- Problem:
Repeat only the lines from the one that contains "Držák je vyroben" through the final line of the listing below, exactly, please, without pictures.

START Supplied entries

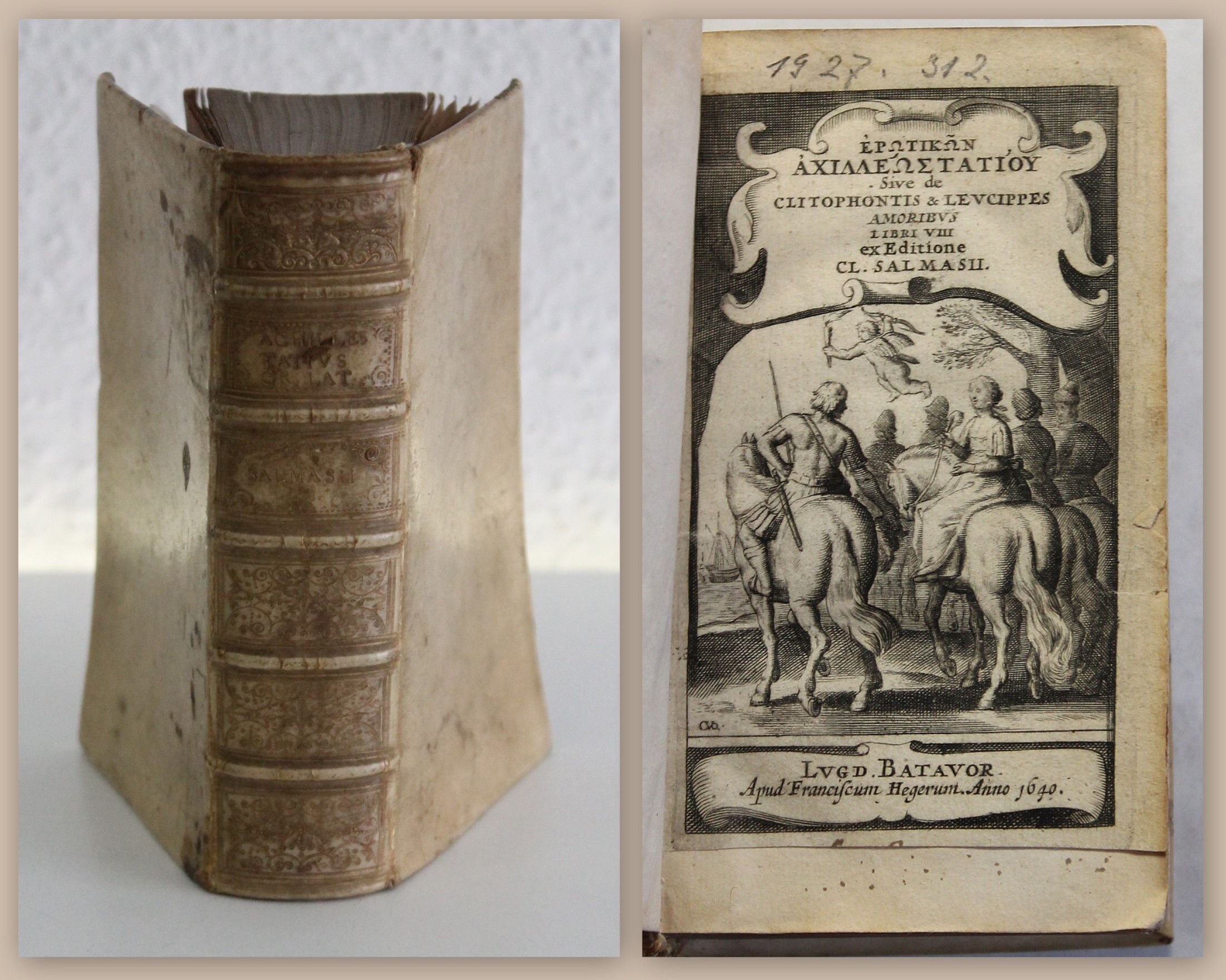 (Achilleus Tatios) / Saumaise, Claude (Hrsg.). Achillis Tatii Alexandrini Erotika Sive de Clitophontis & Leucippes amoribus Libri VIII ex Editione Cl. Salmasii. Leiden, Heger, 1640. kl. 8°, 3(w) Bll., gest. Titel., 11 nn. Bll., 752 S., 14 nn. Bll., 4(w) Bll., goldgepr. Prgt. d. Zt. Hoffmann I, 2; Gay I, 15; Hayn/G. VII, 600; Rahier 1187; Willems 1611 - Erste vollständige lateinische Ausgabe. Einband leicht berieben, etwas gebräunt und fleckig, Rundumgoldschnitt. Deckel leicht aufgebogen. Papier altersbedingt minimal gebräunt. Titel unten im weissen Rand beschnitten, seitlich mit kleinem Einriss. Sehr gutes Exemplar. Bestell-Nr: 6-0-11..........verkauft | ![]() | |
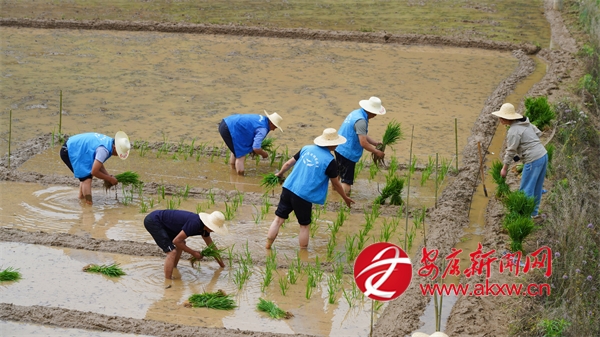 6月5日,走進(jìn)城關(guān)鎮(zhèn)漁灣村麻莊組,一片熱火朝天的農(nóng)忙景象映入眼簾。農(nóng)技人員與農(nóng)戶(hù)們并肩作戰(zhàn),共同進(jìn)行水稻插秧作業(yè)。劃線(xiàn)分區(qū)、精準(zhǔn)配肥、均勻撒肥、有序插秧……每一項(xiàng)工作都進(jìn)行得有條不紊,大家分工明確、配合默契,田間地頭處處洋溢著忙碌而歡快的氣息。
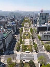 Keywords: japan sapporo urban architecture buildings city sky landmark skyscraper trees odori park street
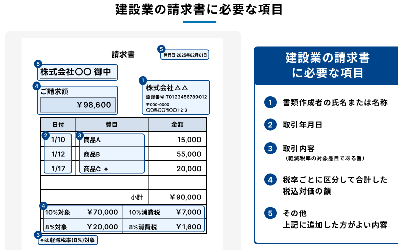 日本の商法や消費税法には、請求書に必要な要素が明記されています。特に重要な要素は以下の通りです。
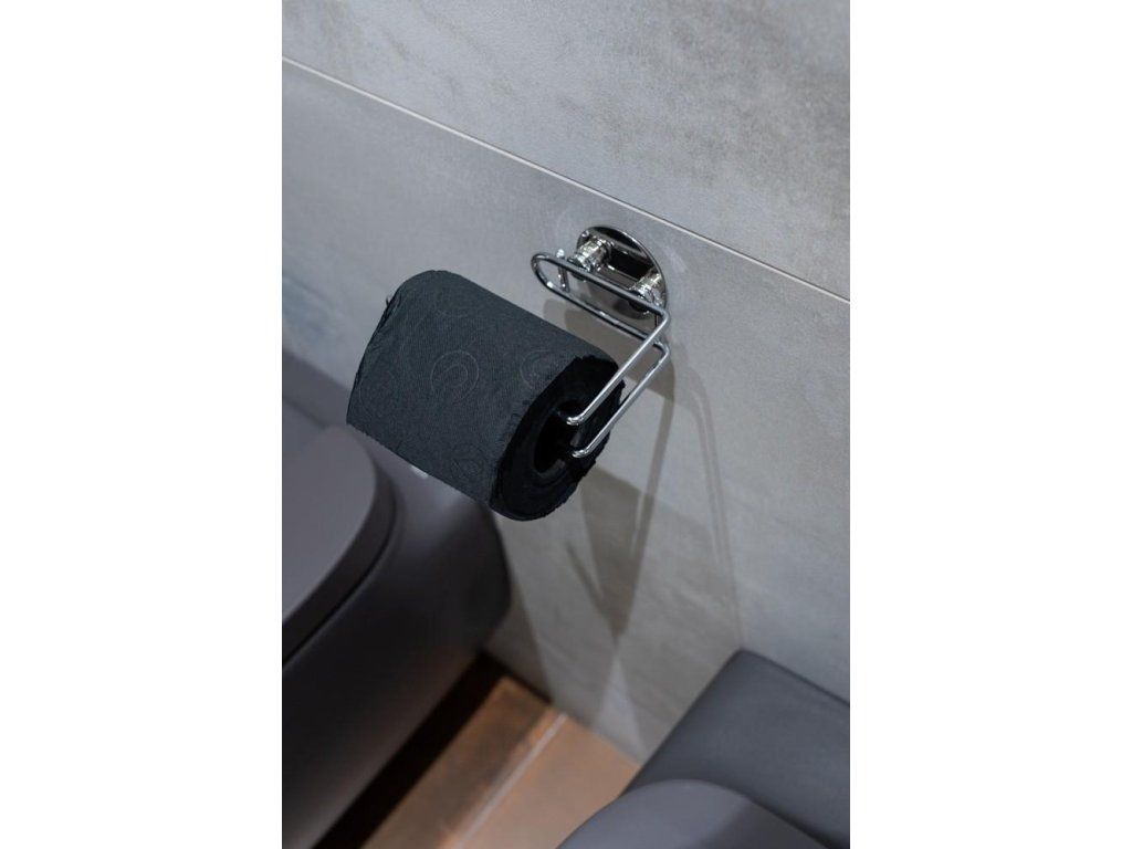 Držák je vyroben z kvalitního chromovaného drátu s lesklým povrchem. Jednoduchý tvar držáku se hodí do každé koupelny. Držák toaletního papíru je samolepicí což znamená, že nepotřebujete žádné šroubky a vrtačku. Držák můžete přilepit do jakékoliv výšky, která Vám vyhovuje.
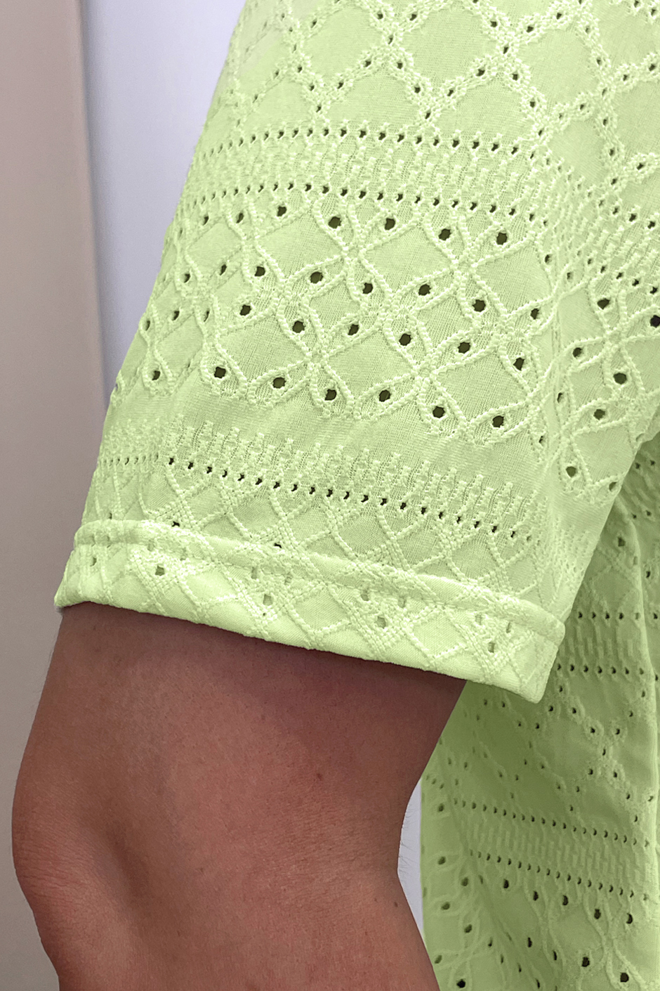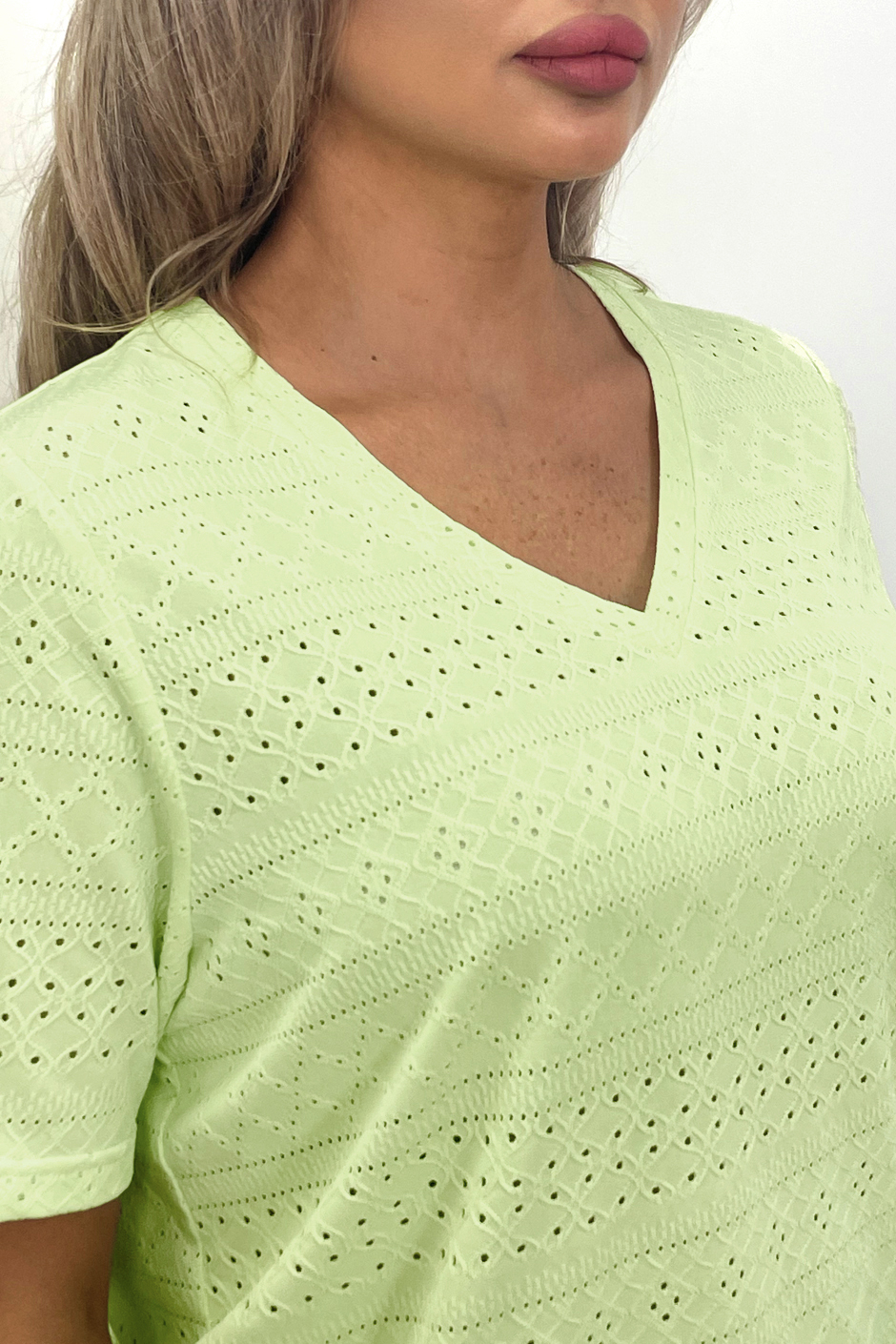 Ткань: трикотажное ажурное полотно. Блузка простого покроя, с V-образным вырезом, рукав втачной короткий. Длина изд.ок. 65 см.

END Supplied entries

- Task output:
 Držák je vyroben z kvalitního chromovaného drátu s lesklým povrchem. Jednoduchý tvar držáku se hodí do každé koupelny. Držák toaletního papíru je samolepicí což znamená, že nepotřebujete žádné šroubky a vrtačku. Držák můžete přilepit do jakékoliv výšky, která Vám vyhovuje.
 Ткань: трикотажное ажурное полотно. Блузка простого покроя, с V-образным вырезом, рукав втачной короткий. Длина изд.ок. 65 см.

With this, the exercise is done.